Consequently, it can be computed that along the differential inclusion (26a),

$$\begin{aligned} \left\langle \frac{\partial }{\partial \xi } V(\xi ),{\overline{f}} \right\rangle&= (\varphi ^{-1})'(W(\xi )) \left\langle \frac{\partial }{\partial \xi } W(\xi ), {\overline{f}} \right\rangle \\&\le \left( \frac{\psi \big (\varphi ^{-1}(W(\xi ))\big )}{2cW(\xi )}\right) \left( -2caW(\xi )+\frac{2c W(\xi )}{\psi (V_p(x))}\gamma (|d|)\right) \\&=-a\psi \big (\varphi ^{-1}(W(\xi ))\big )+\frac{\psi (\varphi ^{-1}(W(\xi )))}{\psi (V_p(x))}\gamma (|d|)\\&=-a\psi (V(\xi ))+\frac{\psi (V(\xi ))}{\psi (V_p(x))}\gamma (|d|). \end{aligned}$$

To further simplify the right-hand side, let \(v:=V_p(x)\), \(w:=V(\xi )\).
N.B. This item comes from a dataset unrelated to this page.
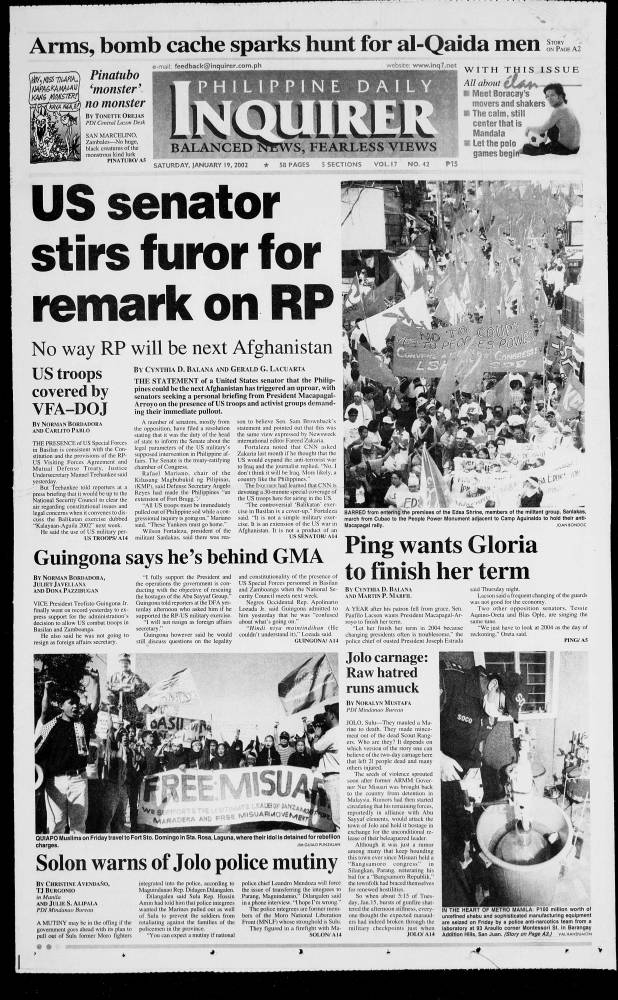 January 19, 2002: US senator stirs furor for remark on RP by newspublish January 19, 2024 January 19, 2002. 0 Comments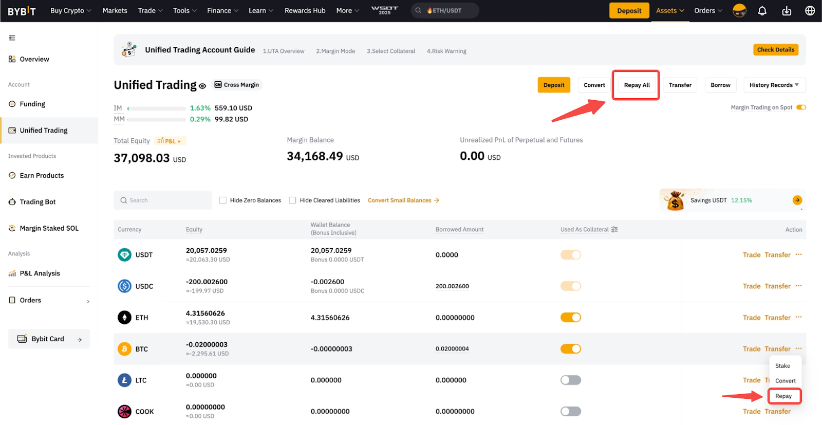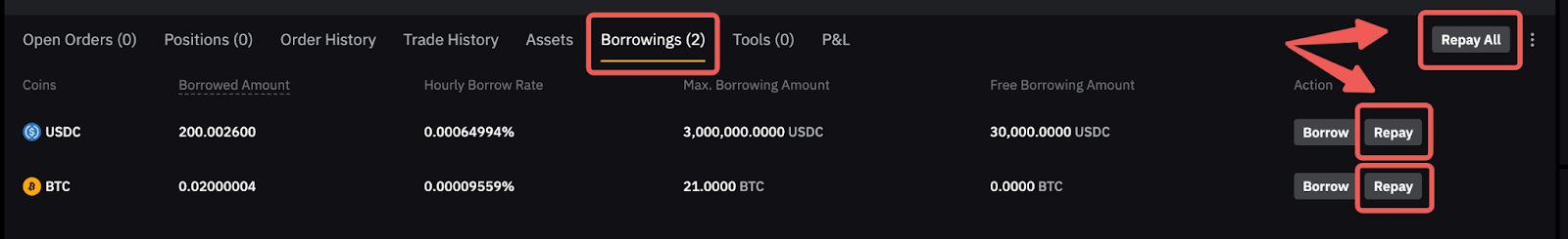 2. Para pagar todas las monedas prestadas, haga clic en Pagar todo en la parte superior de la página de trading unificada.

Then, we have \(w\ge v\ge 0\) and \(\varphi (w)=W(\xi )=e^{2c\big (\zeta \tau +(\kappa +1)(T_0-\tau _u)\big )}\varphi (V_p(x))\le e^{2c\big (\zeta N_0+(\kappa +1)T_0\big )}\varphi (v)\). Hence, from Lemma 9,

$$\begin{aligned} \left\langle \frac{\partial }{\partial \xi } V(\xi ),{\overline{f}}\right\rangle \le -a\psi (V(\xi ))+e^{c\big (\zeta N_0+(\kappa +1)T_0\big )}\gamma (|d|) \end{aligned}$$

and (35) holds with

$$\begin{aligned} {\tilde{\alpha }}_c(s)&:=a\psi (s) \end{aligned}$$
(39a)
$$\begin{aligned} \gamma _c(s)&:=e^{c\big (\zeta N_0+(\kappa +1)T_0\big )}\gamma (s). \end{aligned}$$
(39b)

It follows from Lemma 6 that if \(\alpha _{\text {s}}\) is positive definite (resp. \(\alpha _{\text {s}}\in {\mathcal {K}}_{\infty }\)), then \({\tilde{\alpha }}_c\) is also positive definite (resp. \(\alpha _c\in {\mathcal {K}}_{\infty }\)) and so is \(\alpha _c\). In addition, \(\gamma _c\in {\mathcal {K}}\).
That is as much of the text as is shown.